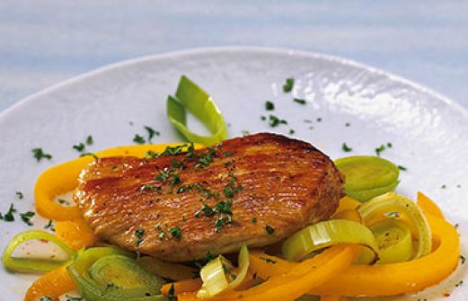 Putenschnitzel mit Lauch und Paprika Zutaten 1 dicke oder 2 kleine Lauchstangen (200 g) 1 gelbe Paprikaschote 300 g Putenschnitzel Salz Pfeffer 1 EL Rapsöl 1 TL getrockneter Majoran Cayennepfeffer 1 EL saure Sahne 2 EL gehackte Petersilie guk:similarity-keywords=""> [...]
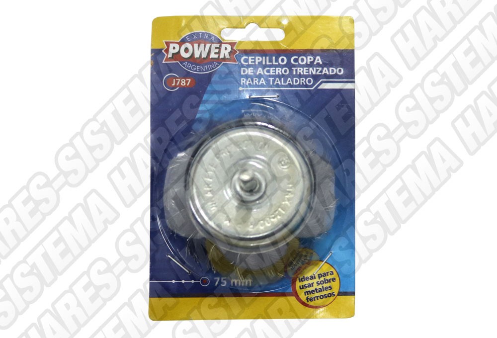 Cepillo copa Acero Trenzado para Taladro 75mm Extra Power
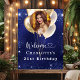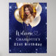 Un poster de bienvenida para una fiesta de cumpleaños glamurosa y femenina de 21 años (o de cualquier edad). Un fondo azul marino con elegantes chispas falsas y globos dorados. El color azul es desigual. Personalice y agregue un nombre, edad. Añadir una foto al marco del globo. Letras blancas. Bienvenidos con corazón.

-=-=-=-=-

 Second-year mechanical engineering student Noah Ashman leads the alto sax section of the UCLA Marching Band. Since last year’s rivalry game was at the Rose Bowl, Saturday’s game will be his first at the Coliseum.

-=-=-=-=-

#### Work to complete
Print an exact copy of the lines above, from the one containing "Putenschnitzel mit Lauch" through the one containing "Cepillo copa Acero", and leave out the pictures.

#### Solution below
 Putenschnitzel mit Lauch und Paprika Zutaten 1 dicke oder 2 kleine Lauchstangen (200 g) 1 gelbe Paprikaschote 300 g Putenschnitzel Salz Pfeffer 1 EL Rapsöl 1 TL getrockneter Majoran Cayennepfeffer 1 EL saure Sahne 2 EL gehackte Petersilie guk:similarity-keywords=""> [...]
 Cepillo copa Acero Trenzado para Taladro 75mm Extra Power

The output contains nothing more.